◆ **Data section**

=-=-=

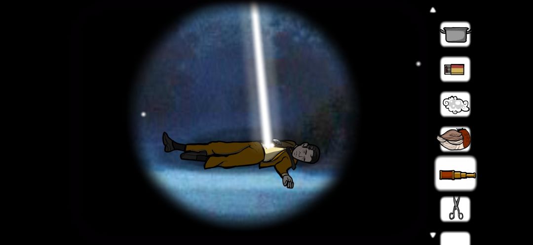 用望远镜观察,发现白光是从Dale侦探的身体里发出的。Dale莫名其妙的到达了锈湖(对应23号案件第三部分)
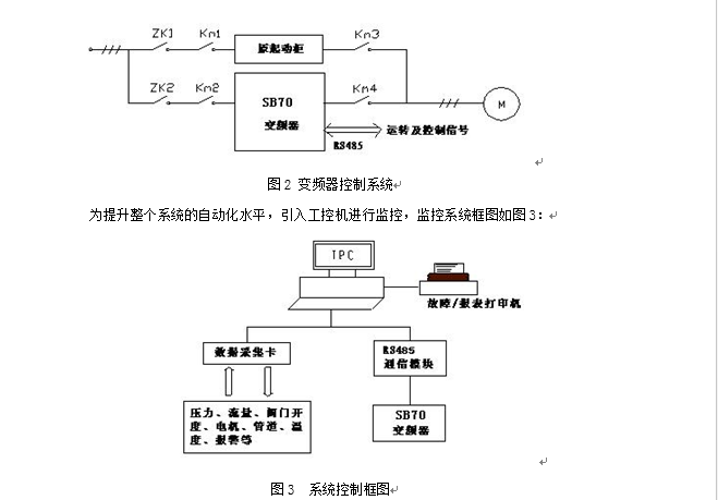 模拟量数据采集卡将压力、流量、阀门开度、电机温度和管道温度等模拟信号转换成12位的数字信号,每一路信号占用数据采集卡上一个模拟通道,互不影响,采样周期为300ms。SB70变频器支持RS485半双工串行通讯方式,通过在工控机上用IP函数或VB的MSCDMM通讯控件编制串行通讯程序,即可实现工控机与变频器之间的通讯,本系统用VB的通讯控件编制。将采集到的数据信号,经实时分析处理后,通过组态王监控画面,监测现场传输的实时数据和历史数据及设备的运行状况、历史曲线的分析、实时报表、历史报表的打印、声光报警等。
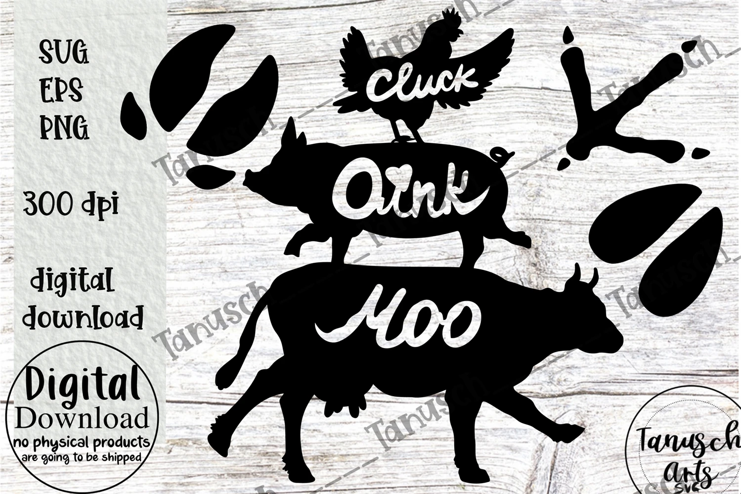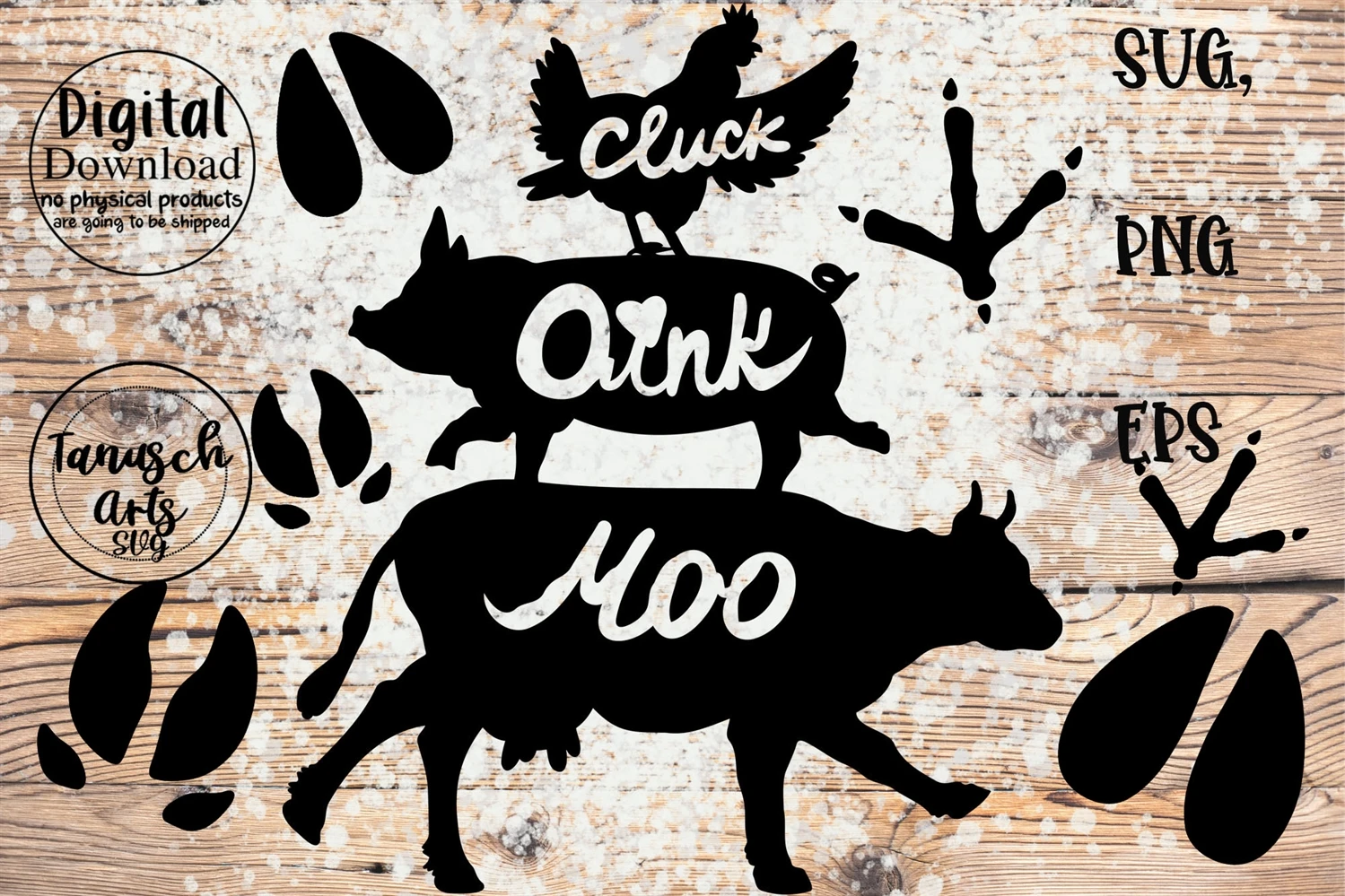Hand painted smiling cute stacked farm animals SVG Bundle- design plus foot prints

=-=-=

◆ **What you are asked to do**
The expected output is every line of the data, unchanged, with the pictures skipped.

◆ **Written response**
 用望远镜观察,发现白光是从Dale侦探的身体里发出的。Dale莫名其妙的到达了锈湖(对应23号案件第三部分)
 模拟量数据采集卡将压力、流量、阀门开度、电机温度和管道温度等模拟信号转换成12位的数字信号,每一路信号占用数据采集卡上一个模拟通道,互不影响,采样周期为300ms。SB70变频器支持RS485半双工串行通讯方式,通过在工控机上用IP函数或VB的MSCDMM通讯控件编制串行通讯程序,即可实现工控机与变频器之间的通讯,本系统用VB的通讯控件编制。将采集到的数据信号,经实时分析处理后,通过组态王监控画面,监测现场传输的实时数据和历史数据及设备的运行状况、历史曲线的分析、实时报表、历史报表的打印、声光报警等。
Hand painted smiling cute stacked farm animals SVG Bundle- design plus foot prints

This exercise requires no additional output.